Delaney…. please know that the “legends and leaders” makes you the brunt of SO many jokes… that… and getting owned in Bowl season…
The championship game should be played at a neutral site.
Only one conference cares about geography. the south eastern conference has kentucky which is not south, texas a&m which isn’t east, and missouri which is mid and west! of course the atlantic coast conference has taken a team from kentucky and a team from pennsylvania, neither of which touch the atlantic coast! the big east will expand to the western state of texas (althought it wanted to go as far as california). the big 12 for some reason has west virginia, half a country away; while the big 10 is the only one that even makes georgraphic sense with all member states touching
I only count 5 teams in the “West” division.
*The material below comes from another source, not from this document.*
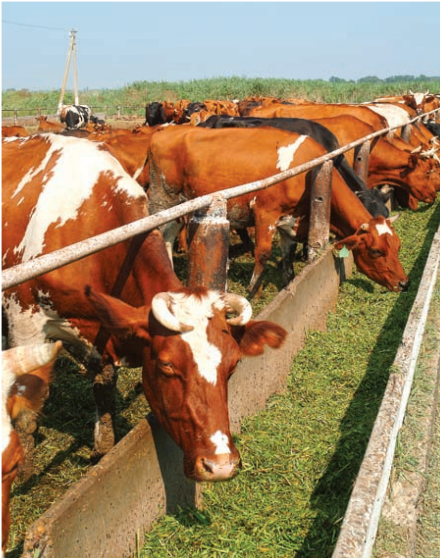
Одним из ключевых, стратегических направлений остается интенсивное развитие животноводства

► цию 115 сельских объектов газоснабжения протяженностью свыше 480 километров. Прибавьте сюда 20 объектов водоснабжения – это еще примерно 108 километров. В результате более 25 тысяч семей получили тепло и комфортные условия проживания. Это, без всякого преувеличения, весомая помощь.

Who is the other team?
@scalpemseminoles
Kentucky is in the South
Texas A&M is also in the South
Missouri – Wh0 cares?
Nebraska (BIG10) doesn’t touch any of the other member states (at least I don’t think so)
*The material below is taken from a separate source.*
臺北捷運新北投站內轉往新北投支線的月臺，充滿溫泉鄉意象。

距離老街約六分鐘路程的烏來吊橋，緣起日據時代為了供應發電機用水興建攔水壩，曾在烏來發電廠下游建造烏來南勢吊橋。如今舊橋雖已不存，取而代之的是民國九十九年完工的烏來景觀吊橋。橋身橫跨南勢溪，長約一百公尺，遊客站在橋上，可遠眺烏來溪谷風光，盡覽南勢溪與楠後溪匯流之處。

Wow and the West teams play west of the mountains, Genius! Remarkable how easy that was.
Hey Tim, Nebraska touches Iowa. Just so you know
@bigfatpaulie27
Ok….I stand corrected.
But I just checked my map of the US and Missouri borders Arkansas so all the SEC teams touch each other too.
scalp, the Pac-12 makes sense geographically.
I like the idea of the highest rank team hosting the title game. In so many of these conference championship games, the stadium is half empty and there is no atmosphere.
With it being at a stadium of a team involved, you can almost guarantee sellout.
The Pac-12 championship is played at the stadium of a participant, and a sell-out is not guaranteed.